The political realm appeared in a different way when Joan Cusack, standing alongside her brother John, read a letter from the President and First Lady, who called Ebert “a man with remarkable tenacity and a contagious zest for life.” Afterward, John recalled anxiety about meeting Ebert during a press tour for “The Sure Thing,” and said that studios would always tell him Ebert was an important interview (“which in Hollywood,” he added, “I think means, ‘We can’t buy this one'”).
Others recalled Ebert helping them through alcoholism and, since losing his voice in 2006, providing a very public example of the notion that a disability doesn’t require slowing down. Some speakers simply shared old stories. Ale-house owner Bruce Elliott relayed a riotous tale of a bar fight with Ebert that ensued, in a roundabout way, after Elliott complimented a woman’s décolletage.

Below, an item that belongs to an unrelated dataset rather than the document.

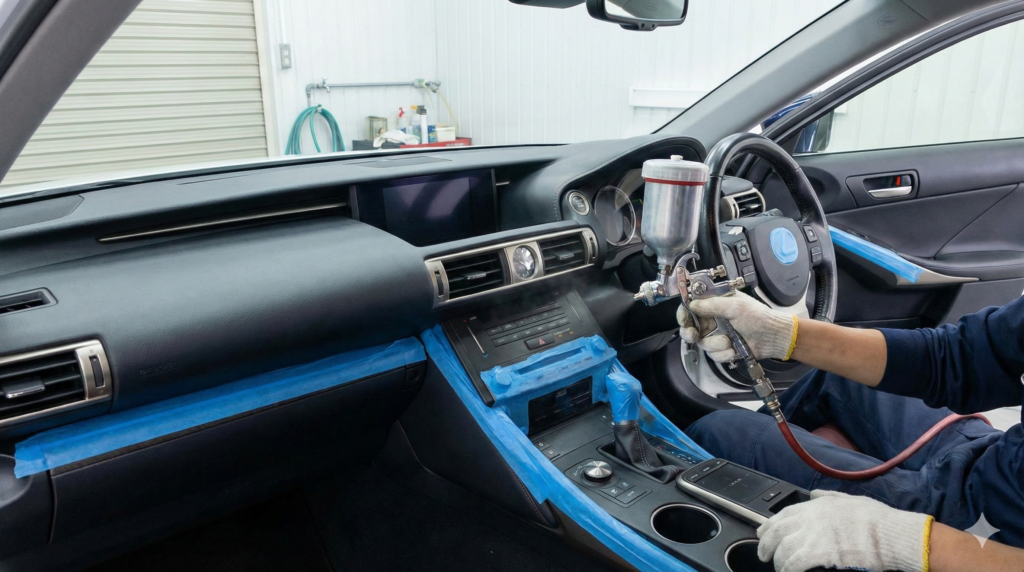 プロが行うダッシュボードの再生リペアは、もはや芸術の域に達しています。 まず、劣化したベタベタの旧塗膜を、下地を傷めない特殊な溶剤で完全に除去します。 この洗浄工程が最も重要で、ここで少しでも劣化層が残っていると、後の塗装がすぐに剥がれてしまう原因になります。 次に、ひび割れがある場合は専用の充填パテで埋め、周囲のシボ(模様)に合わせて成形します。
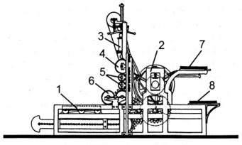 Рис. 2. Схема первой плоскопечатной машины: 1 - подвижной талер с печатной формой; 2 - печатный цилиндр; 3 - красочный ящик; 4 - дуктор; 5 - раскатные валики; 6 - накатные валики; 7 - стопа бумаги на накладном столе; 8 - оттиски на приемном столе

Livened with vintage clips from “Siskel & Ebert,” “The Tonight Show,” “The Critic,” and even YouTube-spread outtakes from the reviewing duo’s long-running series, the evening made for a more celebratory counterpart to Monday’s funeral mass. Both events were open to the public. Last night’s standing ovations were reserved for Chaz, who spoke, pausing at length, toward the evening’s end. “I don’t know what star planet he came from,” she said. “Or where he’s going now.”
More than one speaker mentioned Ebert’s 2011 Salon essay “I do not fear death,” in which he wrote, “After a lifetime of writing, teaching, broadcasting and telling too many jokes, I will leave behind more memes than many.”
Even an epic tribute couldn’t cover them all.